思考を逸らしているとうんうんと頭を悩ませていた精霊さんが何かを閃いたように、ぱぁっと笑顔を輝かせました。手を上げて宣言します。
『まとあてごっこ~』
「的当て、ですか?」
お祭りのときとかに屋台で開かれているようなものでしょうか? でも、この部屋に何か的当てに使えそうなものは……
キョロキョロと見回してみても、何かの道具や椅子、書類、机などはありますが、投げるのに適したボールや矢のようなものは特に見当たりません。
「せっかくの提案ですけど、いいものがありませんね」
『だいじょ~ぶ~』
そう言って精霊さんが手を壁に向けて振り上げると、光輝き、何かが現れ始めました。
「え?」
何もなかった場所に突如生み出されたのはどことなく誰かさんの雰囲気を感じさせる木製の人形のようでした。人型で、カツラをかぶり、豪華な衣服を身にまとっています。目には宝石のようなものが埋まっており、高貴さすら感じます。

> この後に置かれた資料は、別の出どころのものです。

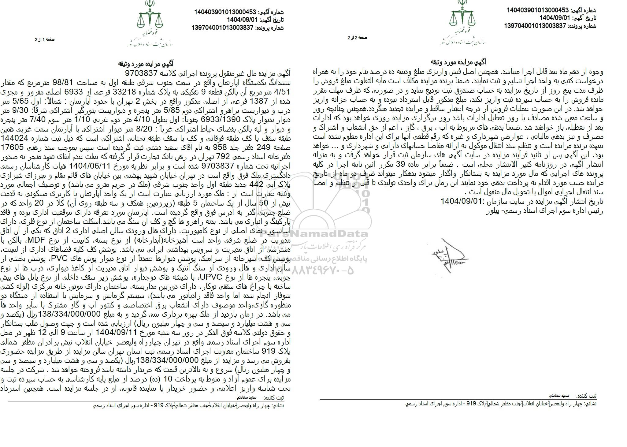 آگهی مزایده مال غیر منقول پرونده اجرائی کلاسه 9703837 ششدانگ یکدستگاه آپارتمان واقع در سمت جنوب شرقی طبقه اول به مساحت 98.81 متر مربع که مقدار 4.51 متر مربع آن بالكن قطعه 9 تفکیکی به پلاک شماره 33218 فرعی از 6933 اصلی مفروز و مجزی شده از 1387 فرعی از اصلی مذکور واقع در بخش 2 تهران با حدود آپارتمان : شمالا: اول 5.65 متر درب و دیواریست براهرو اشتراکی دوم 5.85 متر پنجره و دیواریست بنورگیر اشتراکی شرقا 9.30 متر دیوار بدیوار پلاک 6933.1390 جنوباً : اول بطول 4.10 متر دوم غربی 1.10 متر سوم 7.40 متر پنجره و دیوار و لبه بالكن بفضای حیاط اشتراکی غرباً : 8.20 متر دیوار اشتراکی با آپارتمان سمت غربی همین طبقه سقف با کف طبقه فوقانی و کف با سقف طبقه تحتانی اشتراکی است که ذیل ثبت شماره 144024 صفحه 249 دفتر جلد 958 به نام آقای سعید دشتی ثبت گردیده است سپس بموجب سند رهنی 17605 دفترخانه اسناد رسمی 792 تهران در رهن بانک تجارت قرار گرفته که بعلت عدم ایفای تعهد منجر به صدور اجرائیه تحت شماره 9703837 شده است و برابر نظریه مورخ 1404.06.11 هیات کارشناسان رسمی دادگستری ملک فوق واقع است در تهران خیابان شهید بهشتی بین خیابانهای قائم مقام و میرزای شیرازی پلاک آبی 442 جدید طبقه اول واحد جنوب شرقی ملک در حریم مترو میباشد و توصیف اجمالی مورد وثیقه عبارت است از: ملک مورد ارزیابی عبارت است از یک واحد آپارتمان با کاربری مسکونی به قدمت بیش از 50 سال از یک ساختمان 5 طبقه زیرزمین همکف و سه طبقه روی آن کلا در 20 واحد که در ضلع جنوبی گذر به آدرس فوق واقع گردیده است. آپارتمان مورد تعرفه دارای موقعیت اداری بوده و فاقد پارکینگ و انباری می باشد. بدنه راهروها گچ و کف آن سنگ می باشد. اسکلت ساختمان از نوع فلزی دارای آسانسور نمای اصلی از نوع کامپوزیت دارای هال ورودی سالن اصلی اداری 2 اتاق که یکی از آن اتاق مدیریت در ضلع شرقی واحد است آشپزخانه آبدارخانه از نوع بسته کابینت از نوع MDF بالکن با دسترسی از اتاق مدیریت و سرویس بهداشتی ایرانی میباشد پوشش کف کلیه فضاهای اداری از لمینت پوشش کف آشپزخانه از سرامیک پوشش دیوارها عمدتاً از نوع دیوار پوش های PVC پوشش بخشی از سالن اداری و هال ورودی از سنگ آنتیک و پوشش دیوار اتاق مدیریت از کاغذ دیواری درب ها از نوع چوبی پنجره ها از نوع UPVC با شیشه های دو جداره پوشش زیر سقف داخلی از نوع پانل های پیش ساخته با چراغ های سقفی توکار دارای دوربین مدار بسته ساختمان دارای موتورخانه مرکزی لوله کشی شوفاژ انجام شده اما واحد فاقد رادیاتور میباشد سیستم گرمایش و سرمایش با استفاده از دستگاه دو منظوره گازی واحد موصوف دارای انشعاب برق اختصاصی و کنتور آب و گاز مشترک با سایر واحد ها می باشد. در زمان بازدید از ملک بهره برداری نمی گردید و به مبلغ 138.334.000.000 ریال یکصد و سی و هشت میلیارد و سیصد و سی و چهار میلیون ریال ارزیابی شده است و جهت وصول طلب بستانکار و حقوق دولتی کلاسه فوق الذکر در روز سه شنبه مورخ 1404.09.11 از ساعت 9 الی 12 ظهر در محل اداره سوم اجرای اسناد رسمی واقع در تهران چهارراه ولیعصر خیابان انقلاب نبش برادران مظفر شمالی پلاک 919 ساختمان معاونت اجرای اسناد رسمی ثبت استان تهران سالن مزایده از طریق مزایده حضوری بفروش می رسد و مزایده از مبلغ 138.334.000.000 ريال یکصد و سی و هشت میلیارد و سیصد و سی و چهار میلیون ریال شروع و به بالاترین قیمت که خریدار داشته باشد فروخته خواهد شد . شرکت در جلسه مزایده برای عموم آزاد و منوط به پرداخت 10 (ده) درصد از مبلغ پایه کارشناسی به حساب سپرده ثبت و تحت شناسه واریز اعلامی و حضور خریدار یا نماینده قانونی او در جلسه مزایده است. همچنین استرداد وجوه از دهم ماه بعد قابل اجرا میباشد. همچنین اصل فیش واریزی مبلغ ودیعه ده درصد بنام خود را به همراه درخواست کتبی به واحد اجرا تسلیم و ثبت نمایند. ضمناً برنده مزایده مکلف است ما به التفاوت مبلغ فروش را ظرف مدت پنج روز از تاریخ مزایده به حساب صندوق ثبت تودیع نماید و در صورتی که ظرف مهلت مقرر مانده فروش را به حساب سپرده ثبت واریز نکن

はい。どこからどう見ても先ほど別れたばかりの殿下ですね。
『きらいなあいてにまとあてするとすっきりするの~』
そう言って精霊はどこからか取り出した綺麗な短剣を宙に浮かべると、ヒュッと殿下に似せたその人形に向けて放ちました。スコッといい音を立てて短剣は見事に人形の腕の部分に突き刺さります。
「え?」
あまりの事態に困惑が隠せません。でも、精霊さんはそんな私に構うことなく新たに短剣を宙に浮かべていきます。デザインはバラバラで異なるものの、どれも高そうで、数は10本近くあります。
『はい、れてぃのぶん~』
「……え?」
まさか、私にも殿下を模した人形に向かって投げろと言う事でしょうか? いつの間にか仇名で呼ばれていることが気にならないほど、どうするのが正解かわかりません。